Each line below that contains the word "tướng" must be copied.

DATASET RECORDS below:

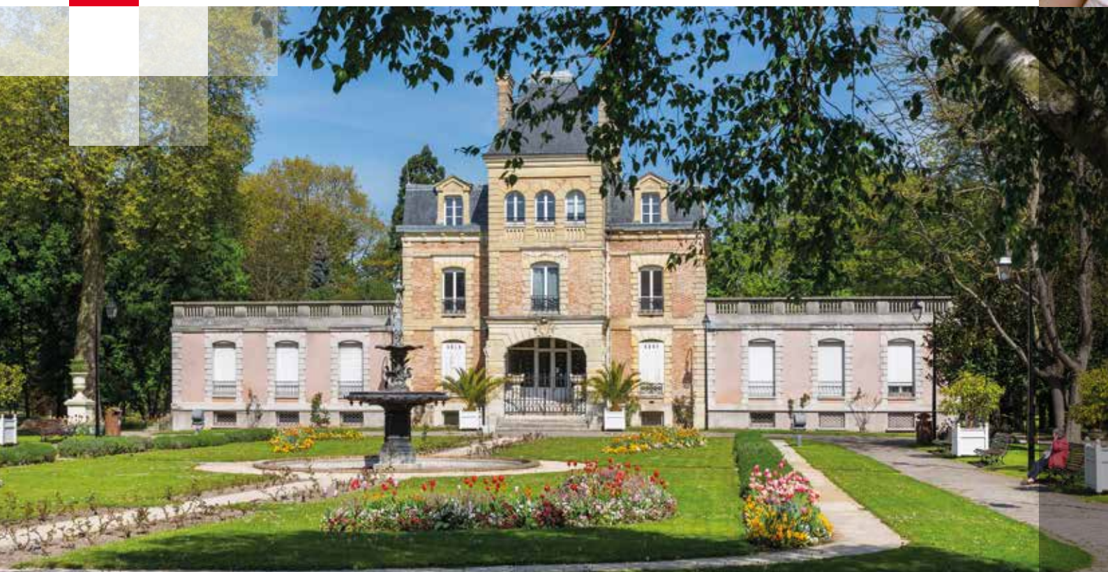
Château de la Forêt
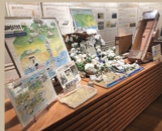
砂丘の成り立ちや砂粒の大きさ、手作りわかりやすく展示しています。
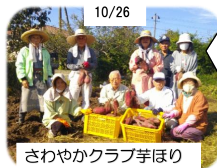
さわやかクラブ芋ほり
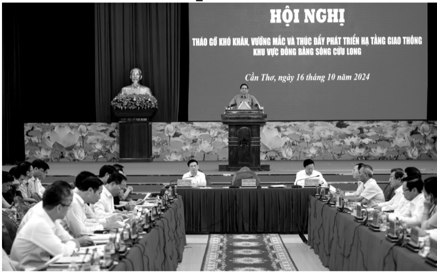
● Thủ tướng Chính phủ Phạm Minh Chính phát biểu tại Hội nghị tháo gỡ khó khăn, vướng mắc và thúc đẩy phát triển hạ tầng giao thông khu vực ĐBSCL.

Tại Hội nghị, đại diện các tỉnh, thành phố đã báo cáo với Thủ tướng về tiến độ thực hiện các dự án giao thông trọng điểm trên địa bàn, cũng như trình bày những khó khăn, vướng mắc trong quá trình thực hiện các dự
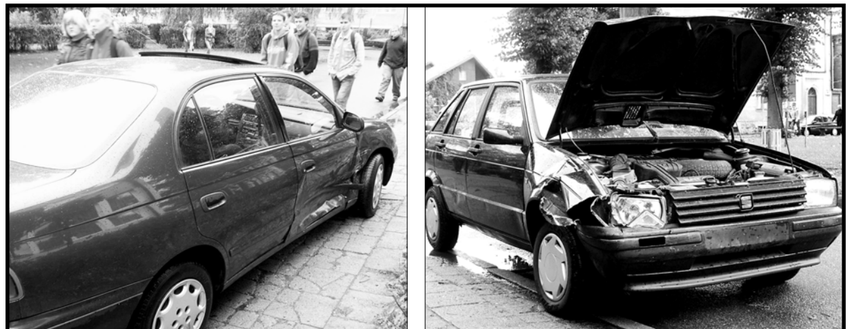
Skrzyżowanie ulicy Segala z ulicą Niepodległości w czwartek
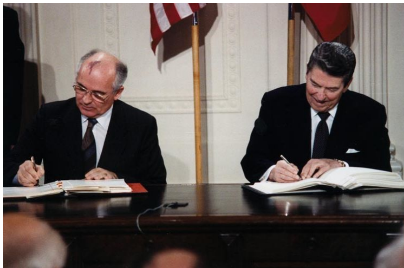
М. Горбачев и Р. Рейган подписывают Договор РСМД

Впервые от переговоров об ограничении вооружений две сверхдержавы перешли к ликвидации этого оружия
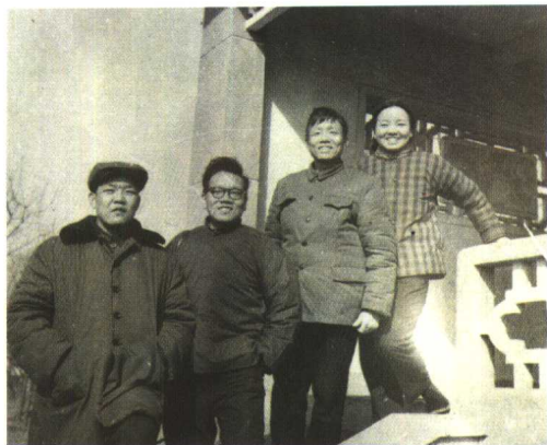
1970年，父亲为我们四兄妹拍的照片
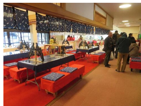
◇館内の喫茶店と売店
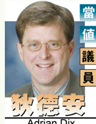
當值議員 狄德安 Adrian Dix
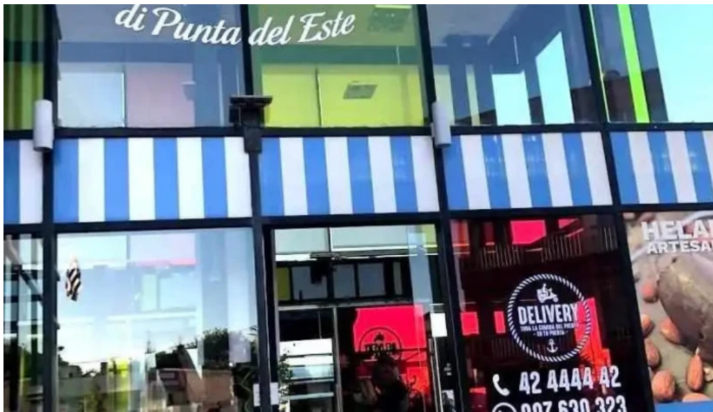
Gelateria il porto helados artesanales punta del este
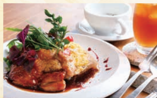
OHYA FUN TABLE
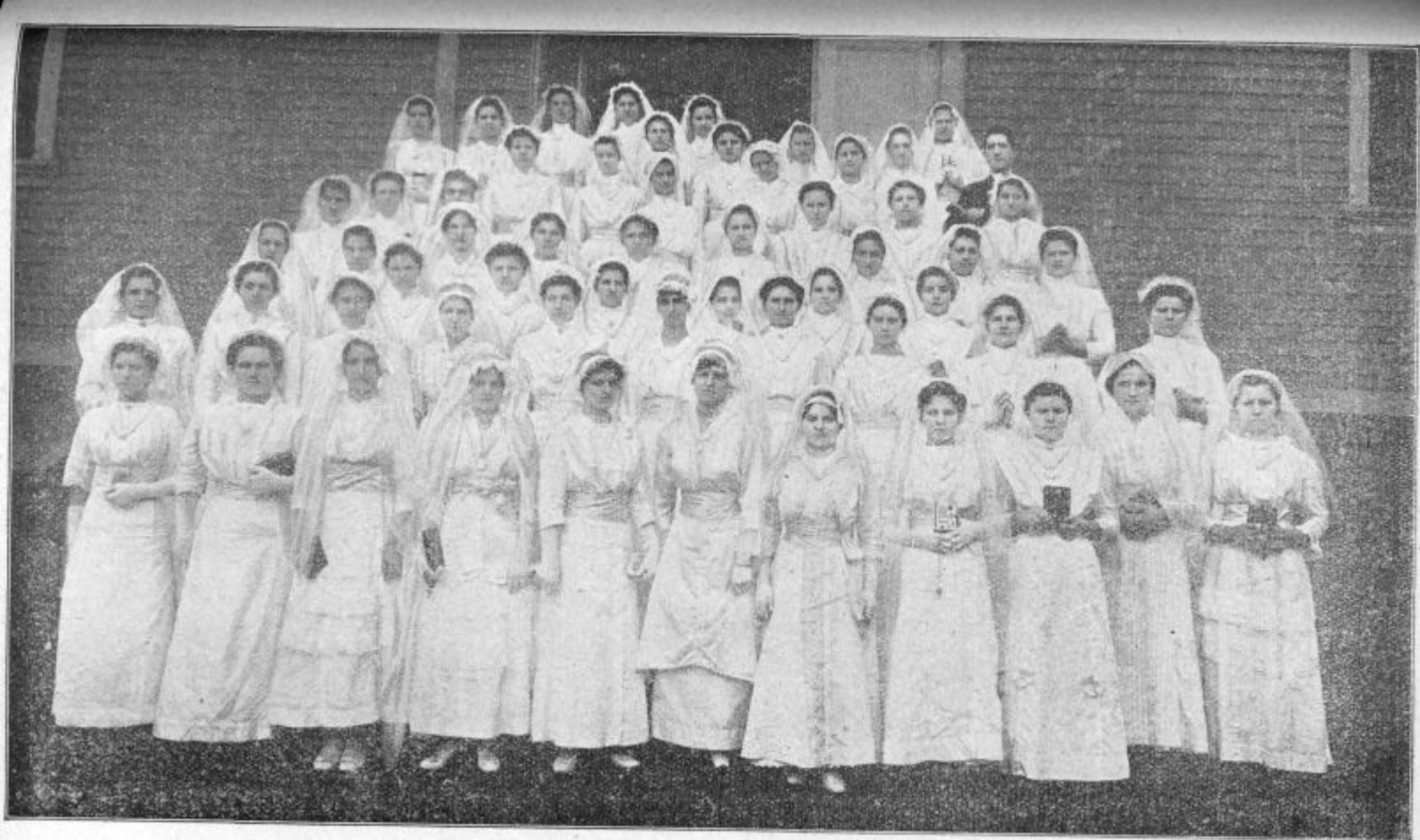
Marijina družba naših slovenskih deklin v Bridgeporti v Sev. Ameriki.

End of DATASET RECORDS.
DATASET RECORDS below:

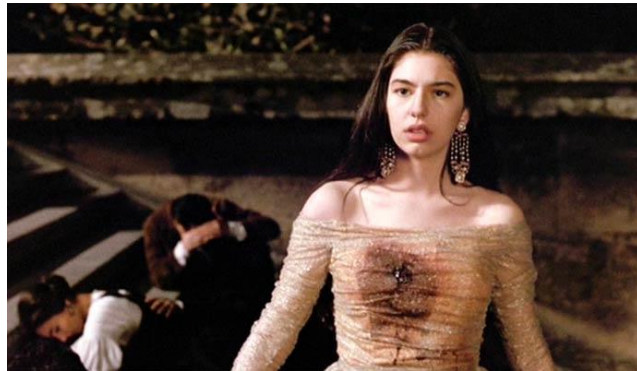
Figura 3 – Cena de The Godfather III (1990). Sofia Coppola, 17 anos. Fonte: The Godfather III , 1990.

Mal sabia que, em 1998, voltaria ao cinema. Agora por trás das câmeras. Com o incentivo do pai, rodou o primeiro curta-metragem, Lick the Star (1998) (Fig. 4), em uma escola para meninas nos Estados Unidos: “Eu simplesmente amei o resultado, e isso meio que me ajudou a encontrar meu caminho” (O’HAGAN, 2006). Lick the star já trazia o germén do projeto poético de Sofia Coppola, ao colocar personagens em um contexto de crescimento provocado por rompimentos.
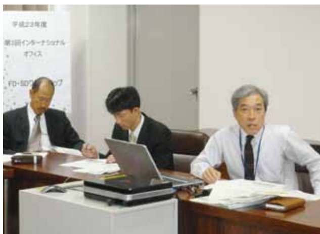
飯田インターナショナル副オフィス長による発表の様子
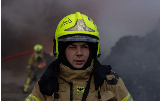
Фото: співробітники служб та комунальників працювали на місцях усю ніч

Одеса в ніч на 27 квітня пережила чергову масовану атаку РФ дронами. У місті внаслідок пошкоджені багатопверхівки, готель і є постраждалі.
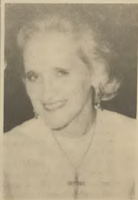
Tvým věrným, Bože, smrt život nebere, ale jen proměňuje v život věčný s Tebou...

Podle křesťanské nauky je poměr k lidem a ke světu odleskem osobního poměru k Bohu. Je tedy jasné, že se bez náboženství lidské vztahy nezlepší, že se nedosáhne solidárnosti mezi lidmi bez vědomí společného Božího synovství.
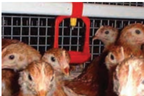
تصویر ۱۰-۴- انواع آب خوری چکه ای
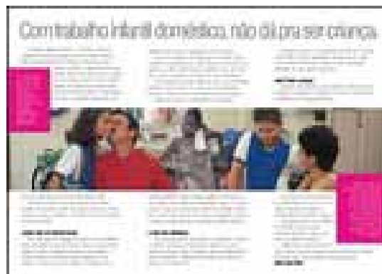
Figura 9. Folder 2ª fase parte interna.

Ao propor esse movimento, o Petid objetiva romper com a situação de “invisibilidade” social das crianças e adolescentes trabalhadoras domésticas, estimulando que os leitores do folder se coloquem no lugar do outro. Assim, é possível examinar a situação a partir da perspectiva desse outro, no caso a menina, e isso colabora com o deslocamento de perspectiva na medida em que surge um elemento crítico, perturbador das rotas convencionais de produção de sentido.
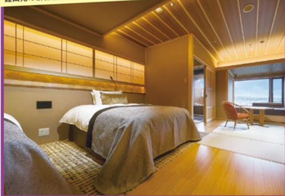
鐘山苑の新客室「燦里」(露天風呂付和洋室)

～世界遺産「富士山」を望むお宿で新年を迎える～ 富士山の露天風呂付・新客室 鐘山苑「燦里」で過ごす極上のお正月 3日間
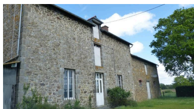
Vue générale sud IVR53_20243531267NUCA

End of DATASET RECORDS.

_EXERCISE RESULT_.
● Thủ tướng Chính phủ Phạm Minh Chính phát biểu tại Hội nghị tháo gỡ khó khăn, vướng mắc và thúc đẩy phát triển hạ tầng giao thông khu vực ĐBSCL.
Tại Hội nghị, đại diện các tỉnh, thành phố đã báo cáo với Thủ tướng về tiến độ thực hiện các dự án giao thông trọng điểm trên địa bàn, cũng như trình bày những khó khăn, vướng mắc trong quá trình thực hiện các dự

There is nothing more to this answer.